▼▼▼

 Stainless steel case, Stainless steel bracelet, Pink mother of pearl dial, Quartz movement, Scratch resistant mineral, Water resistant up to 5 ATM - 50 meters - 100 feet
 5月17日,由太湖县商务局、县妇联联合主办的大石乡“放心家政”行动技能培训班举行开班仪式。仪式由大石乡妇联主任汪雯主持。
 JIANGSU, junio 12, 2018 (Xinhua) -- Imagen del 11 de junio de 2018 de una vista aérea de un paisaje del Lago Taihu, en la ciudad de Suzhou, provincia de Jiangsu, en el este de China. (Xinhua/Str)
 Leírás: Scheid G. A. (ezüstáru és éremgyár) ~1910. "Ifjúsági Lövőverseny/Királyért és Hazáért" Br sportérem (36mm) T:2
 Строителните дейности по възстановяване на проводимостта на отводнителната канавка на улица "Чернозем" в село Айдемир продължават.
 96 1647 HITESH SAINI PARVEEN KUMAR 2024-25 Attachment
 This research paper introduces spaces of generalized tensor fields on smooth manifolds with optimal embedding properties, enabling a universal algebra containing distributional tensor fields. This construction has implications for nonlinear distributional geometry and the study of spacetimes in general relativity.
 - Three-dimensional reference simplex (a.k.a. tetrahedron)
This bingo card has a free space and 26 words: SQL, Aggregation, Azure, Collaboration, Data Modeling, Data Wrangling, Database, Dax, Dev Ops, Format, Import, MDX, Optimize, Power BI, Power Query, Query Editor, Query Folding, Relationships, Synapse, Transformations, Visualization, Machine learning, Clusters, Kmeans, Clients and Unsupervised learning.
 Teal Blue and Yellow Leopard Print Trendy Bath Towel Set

▲▲▲

The lines to reproduce run from the one that contains "This bingo card" through the last line above; copy them exactly.

This bingo card has a free space and 26 words: SQL, Aggregation, Azure, Collaboration, Data Modeling, Data Wrangling, Database, Dax, Dev Ops, Format, Import, MDX, Optimize, Power BI, Power Query, Query Editor, Query Folding, Relationships, Synapse, Transformations, Visualization, Machine learning, Clusters, Kmeans, Clients and Unsupervised learning.
 Teal Blue and Yellow Leopard Print Trendy Bath Towel Set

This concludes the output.